The Bloodfeaster. A fully infected man.
Bones cracked and twisted as the thing lumbered toward them, joints popping in a grotesque symphony. Flesh sloughed off its body in putrid ribbons, arms stretched unnaturally long, claws dragged furrows through the pavement. Its head twitched—sniffing—as a fly crawled from its empty eye socket.
Why was it here?
Monsters stayed in their zones. That was what was said in the journal. Did those idiots lure that thing here?
William stood frozen as he saw one of the girls from the AJ group being attacked, the same person who had just fought. It reminded him of his sister that he saw on television when the world turned to chaos, he saw her sister devoured by this monster, her screams echoing through the supermarket parking lot. He raised his bow, aiming at it
"Wake the fuck up, William!" Tilus roared. “We need to run. NOW.”
They sprinted.
The Bloodfeaster’s shriek peeled through the air behind them—closer, closer—
Jasmine stumbled.
Tilus’s mind snapped into fragments. A barbed tentacle—arcing toward her throat.Ben—diving, arm raised like a shield—
Thud. The spike tore through his hand, stopping a breath from Jasmine’s eye.
“MOVE!” Tilus roared, yanking them both up, shoving them forward to the exit of the park.
William’s arrows whistled past, each one buying them time
The Bloodfeaster surged after them until it caught the scent of easier prey.
By the time they reached the edge of the park, they heard the scream of Aj group getting devoured by the monsters. AJ’s men begged. They sobbed. One called for his mother with a voice so cracked it stopped Jasmine in her tracks.
The Bloodfeaster answered with the sound of meat tearing off bone.
Tilus and his friends had survived.
AJ’s men had not.
They collapsed in their apartment, tired, exhausted. Ben leaned against the wall and exhaled a shaky breath that he tried to pass as a chuckle. “Guy hit like a toddler,” he grunted, gently pressing against his bruised ribs with a wince. “I’m fine.”
“Liar,” Jasmine muttered, tearing cloth into makeshift bandages. She kneeled beside him, her hands trembling slightly as she wrapped the gauze around his side.
Neither of them said it. The moment when Ben had shielded her, diving into the path of that thing’s tendrils. She would’ve died. She still saw it—those empty eyes, the spiral jaw, the raw hunger of the Bloodfeaster. Even now, the image clung to her like oil.
Tilus stood by the window, watching the night bleed into silence. His fists were clenched. "We made it out this time," he said, voice low. "But tomorrow..." He didn’t need to finish. The next Stage was in twelve hours. He turned to them, eyes sharp. "Rest while you can. Stage One starts tomorrow—and if today was the preview, then hell’s curtain call is next."
No one argued. They all knew it was luck that they managed to escape. Tomorrow will be harder than today. Would they survive this? Tilus spends time in the dark corner of his room reading the journal again to prepare.
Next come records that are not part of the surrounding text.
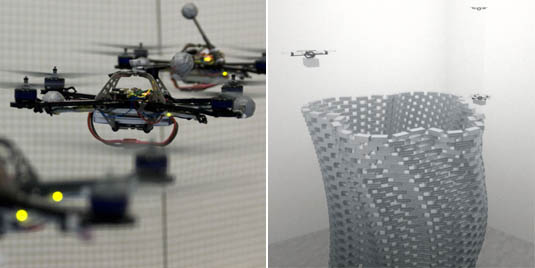 Semi-autonomous flying robots programmed by Swiss architects Gramazio & Kohler “will lift, transport and assemble 1500 polystyrene foam bricks” next month—starting 2 December 2011—at the FRAC Center in France. The result, they hope, will be a “3.5 meter wide structure.”
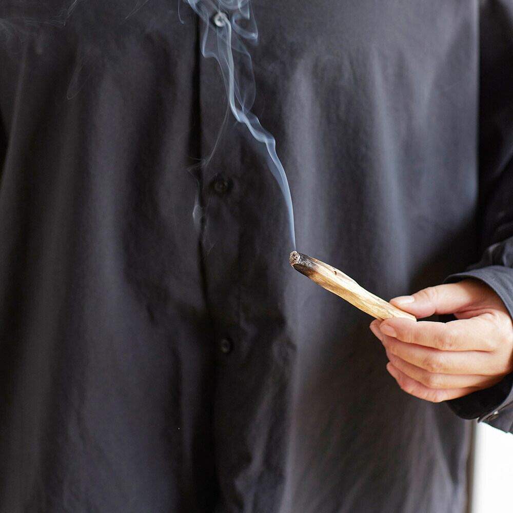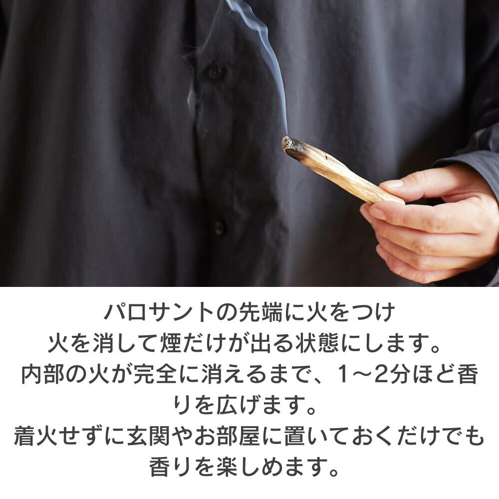 パロサントの先端に火をつけ、火を消して煙だけが出る状態にしてお使いください。内部の火が完全に消えるまで、2〜3分ほど香りを広げます。
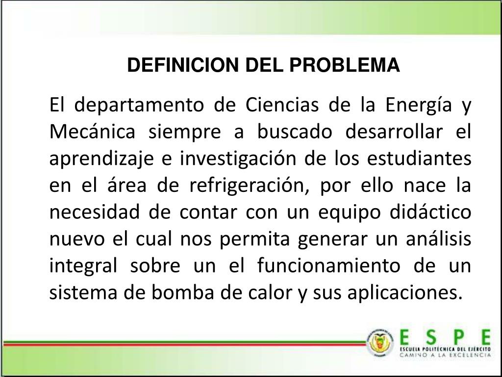 DEFINICION DEL PROBLEMA El departamento de Ciencias de la Energía y Mecánica siempre a buscado desarrollar el aprendizaje e investigación de los estudiantes en el área de refrigeración, por ello nace la necesidad de contar con un equipo didáctico nuevo el cual nos permita generar un análisis integral sobre un el funcionamiento de un sistema de bomba de calor y sus aplicaciones.
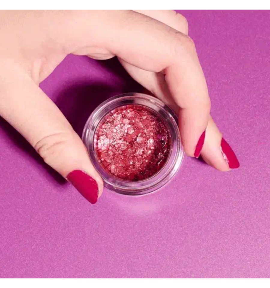 Le gel pailleté imaginé par Sisi La Paillette associe notre ingrédient-soin préféré, le karité, et leur paillettes iconiques Tagadamour (rouge) pour une application simple et rapide.
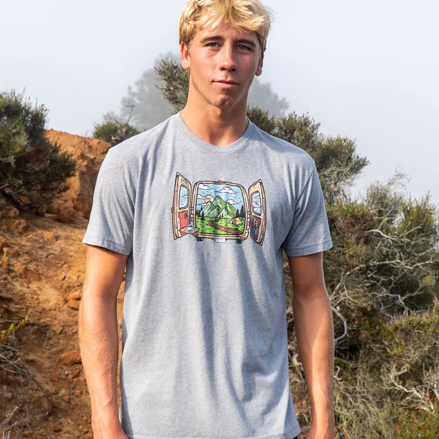 "Эта футболка идеально подходит для поездок на автомобиле, посиделок у костра или просто для повседневной носки. Смесь хлопка и полиэстера очень мягкая, а вдохновленный приключениями принт делает ее незаменимой для всех, кто любит открытые дороги."

Unseen by the group, AJ dragged himself through the mud, his left arm ending in a cauterized stump. The Bloodfeaster had taken the rest.
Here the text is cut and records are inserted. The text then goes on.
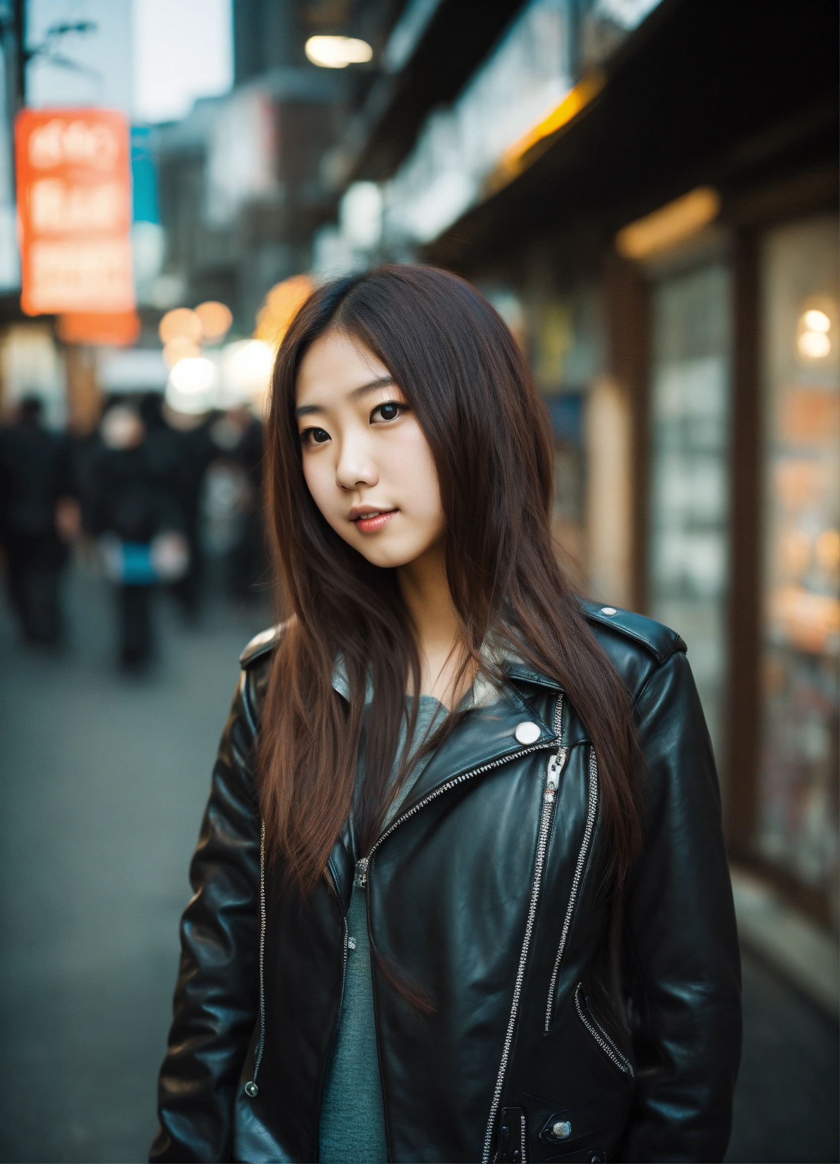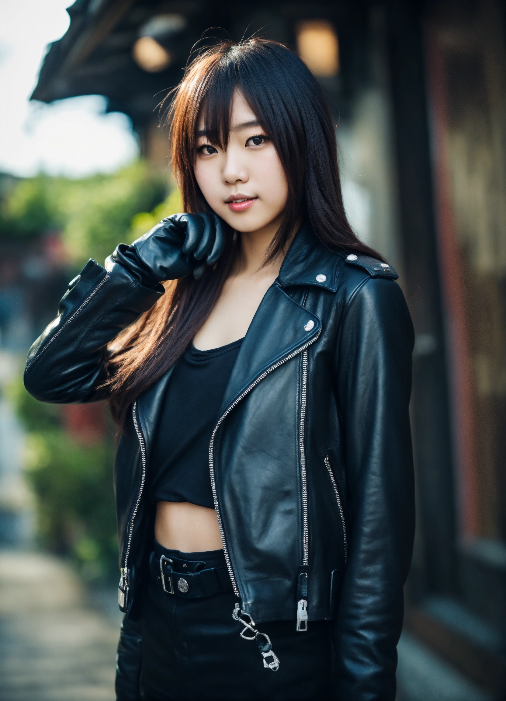 A beautuful young japaneze kawaii girk wearing, long hair, urban enviroment, daylight, full body, black leather jacket and gloves
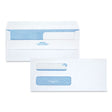 Quality Park Double Window Envelopes display both sender and receiver addresses for mailing statements and invoices. Features a special Redi-Seal self sealing closure. Simply lift the bottom flap and press to the top flap for an instant, secure seal. A reflex blue pattern protects sensitive client information because it obscures the details of the contents, even when held up to light. Heat-Resistant Adhesive. Seam Type: Diagonal; Flap Type: Commercial; Trade Size: #8 5/8; Security Tinted: Yes.
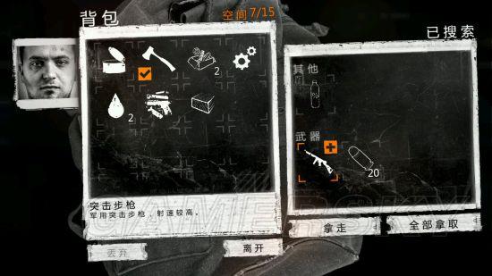 突击步枪一把,子弹20发,酒一瓶。收获不错,晚上不用怕强盗了,我们有枪了,晚上应该不会再被人抢东西了。

“Boss…” A wheeze came from the bushes—one of his men, gutted and bleeding out.
AJ didn’t slow. “Should’ve been faster.”
“Please…” A whimper. A wet gurgle. Then silence.
AJ clutched the charred photo in his remaining hand as he escaped: his brother, standing beside him with a bright smile, the very person who brought him to survive as he ran away with his life. He thought he could protect his younger brother even though the world was chaotic. Now, he’d failed because of them.
“Those brats,” he rasped to the uncaring night. Blood dripped from his stump, watering the hate taking root in his chest. “This is all your fault.”